Hu Ye, Lounkine Eugen, Batista José, Bajorath Jürgen
Department of Life Science Informatics, B-IT, LIMES Program Unit Chemical Biology and Medicinal Chemistry, Rheinische Friedrich-Wilhelms-Universität Bonn, Dahlmannstr. 2, D-53113 Bonn, Germany.
Chem Biol Drug Des. 2008 Nov;72(5):341-9. doi: 10.1111/j.1747-0285.2008.00723.x.
The design and evaluation of structural key-type fingerprints is reported that consist of only 10-30 substructures isolated from randomly generated fragment populations of different classes of active compounds. To identify minimal sets of fragments that carry substantial compound class-specific information, fragment frequency calculations are applied to guide fingerprint generation. These compound class-directed and extremely small structural fingerprints push the design of so-called mini-fingerprints to the limit and are the shortest bit string fingerprints reported to date. For the application of relative frequency-based activity class characteristic substructure fingerprints, a bit density-dependent similarity metric is introduced that makes it possible to adjust similarity coefficients for individual compound classes and balance the recall of active compounds with database selection size. In similarity search trials, these small compound class-directed fingerprints enrich active compounds in relatively small database selection sets and approach or exceed the performance of widely used structural fingerprints of much larger size and higher complexity.

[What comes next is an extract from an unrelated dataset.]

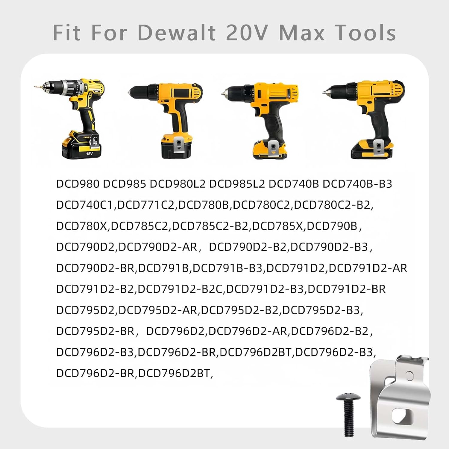 11-pack premium 304 stainless steel belt clips for Dewalt 20V drills. Durable construction resists rust and wear. Easy installation with included screws. Perfect replacement for DCD985, DCD980 series power tools.

本文报道了结构关键型指纹图谱的设计与评估,其仅由10 - 30个亚结构组成,这些亚结构是从不同类别的活性化合物的随机生成片段群体中分离出来的。为了识别携带大量化合物类别特异性信息的最小片段集,应用片段频率计算来指导指纹图谱的生成。这些化合物类别导向的极小结构指纹图谱将所谓的微型指纹图谱设计推向了极限,是迄今为止报道的最短位串指纹图谱。对于基于相对频率的活性类别特征亚结构指纹图谱的应用,引入了一种位密度依赖性相似性度量,使得能够针对各个化合物类别调整相似性系数,并在活性化合物的召回率与数据库选择大小之间取得平衡。在相似性搜索试验中,这些小型化合物类别导向的指纹图谱在相对较小的数据库选择集中富集活性化合物,其性能接近或超过了广泛使用的更大尺寸和更高复杂性的结构指纹图谱。